It is often said that oil companies main contributions are capital and technology. Furthermore, companies typically have taken upon themselves the lions share of the risk associated with exploration. These were the main reasons why governments brought in outside companies to explore for, develop and produce hydrocarbons (instead of doing it themselves).
To say that oil companies provide capital and technology is an over-simplification. Actually, to a large extent companies provide a service of procurement for and on behalf of governments and themselves for both capital and much of the technology. While companies still possess impressive geological and geophysical (G&G) talent and the ability to orchestrate large-scale international projects, they must still procure much of what is needed to conduct petroleum operations. For example, it is widely known that drilling technology is highly evolved and in many circumstances (particularly deepwater and harsh frontier environments) it is virtually space-age technology. Yet, most oil companies do not own drilling rigs.

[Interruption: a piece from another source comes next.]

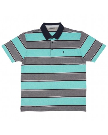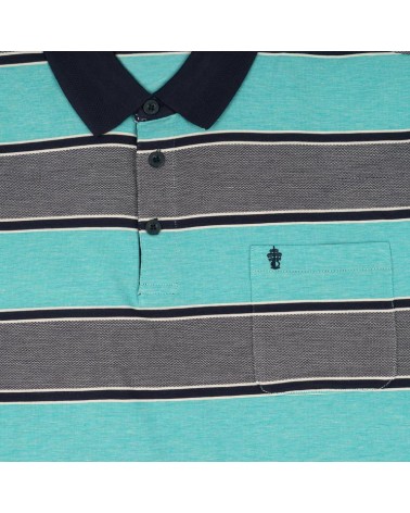 Polo manga corta con bolsillo y con listas jaspeadas combinando el vistoso tono verde agua con el elegante azul marino. Lleva remate en el mismo tono en vivos, mangas y cuello. Tejido muy fresco y ligero.

Thus, much of todays technology is field-proven, off-the-shelf technology available on a global scale to major oil companies, independent oil companies and NOCs alike. Also, many governments no longer feel the burning need for outside capital.1,2
Independent oil companies
The first inroads into the domain of the major oil companies came from the independent oil companies. This occurred in a significant way in Venezuela in 1956 and in Libya in the early 1960s.3 It is significant too that the first of what are considered the modern production sharing contracts (PSCs) in Indonesia were signed by a consortium of independent American companies – the Independent Indonesian American Petroleum Company (IIAPCO) in 1966 and 1968.4,5 Even before the embargo in 1973 the independents were drilling over 30 per cent of the wildcat wells in the Gulf of Mexico (GOM).6 Today independent oil companies are responsible for most of the drilling, reserve additions, recorded discoveries and platform installations in the GOM shelf.7 While the smaller independent companies have encroached on the historical domain of the majors they also play an important role and have a symbiotic relationship with the majors and the NOCs. They are the ones the independents turn to when they make large discoveries and need to raise significant additional capital.
National oil companies
There are two dimensions to the growing influence of the NOCs. In the first instance, their strength in their home country reduces the influence and desire for outside oil companies. Second, expansion overseas by the state-owned (or partially state-owned) NOCs has become commonplace.
The encroachment of the NOCs started with the likes of Oman Oil Company, Malaysias Petronas and Brazils Petrobras. The NOCs joining the expanding list include, Sonatrach (Algeria), Statoil and Norsk Hydro (Norway), CNOOC and Sinopec (China), ONGC (India), EGPC (Egypt), TPAO (Turkey), Rosneft and Gazprom (Russia), Kufpec (Kuwait), ENI (Italy), CPC (Taiwan), Nippon Oil (Japan) and ADNOC (Abu Dhabi).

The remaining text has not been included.